Preventing Web/Application Attack by Security Audit

Customer Overview

Leading online retailer with a large portfolio of brands.

PROJECT CHALLENGES

Company wanted to test the website for technical and design flaws that may let hackers to do any unethical transactions. They have also requested the protection of website against web attack like XSS, CSRF, SQL Injection etc.
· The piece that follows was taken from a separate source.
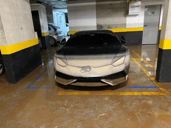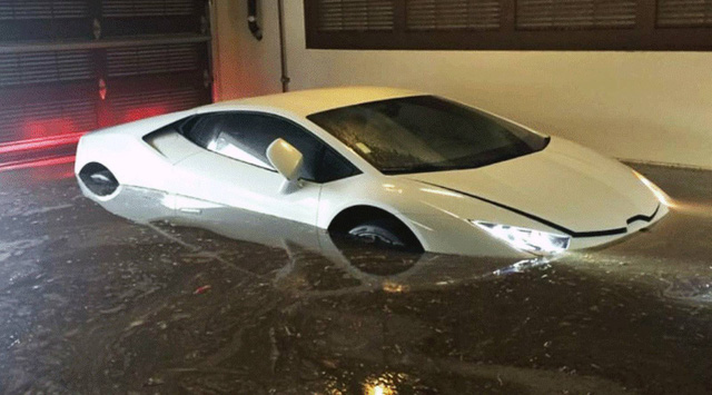 Lực lượng của ban quản lý toà nhà phải đợi hết mưa mới bắt đầu bơm nước ra. Do ngâm trong nước lâu nên siêu xe Lamborghini Huracan LP610-4 nhem nhuốc bùn đất, nước lũ tràn vào khoang lái và cả động cơ của xe gây thiệt hại nghiêm trọng.

The major concern for the company is to ensure the web portal is safe for customer transaction and sharing personal information.

Solutions

We have performed vulnerability test for website pages and across categories based on OWASP and MITRE standards.
We have performed static and dynamic source code review to achieve security standards.
Functional mapping of the website pages with URLs and inclusive parameters.
Special case testing for Tampering Attacks in the payment workflow.
Performed Vulnerability Assessments for all web pages for security misconfigurations.
Domain based testing for Privilege escalations – testing for unauthorized access to premium accounts using session logs and IDs.
Performed search overflow attacks covering the vulnerabilities against server interruptions and app responsiveness.
Verified for Injection attacks – injection of technology based scripts / files in URLs and search fields.
Performed Penetration Tests using proxy techniques to manipulate parameter values / tamper operational data.
Conducted source code review to achieve Security Standards.

Business Benefit

We have prevented OWASP Top 10 and domain based vulnerabilities with the help of security testing.
We have provided detailed security bug report to avoid false positives and to minimize security risks.
We have recommended solutions to fight against cross scripting and forgery attack.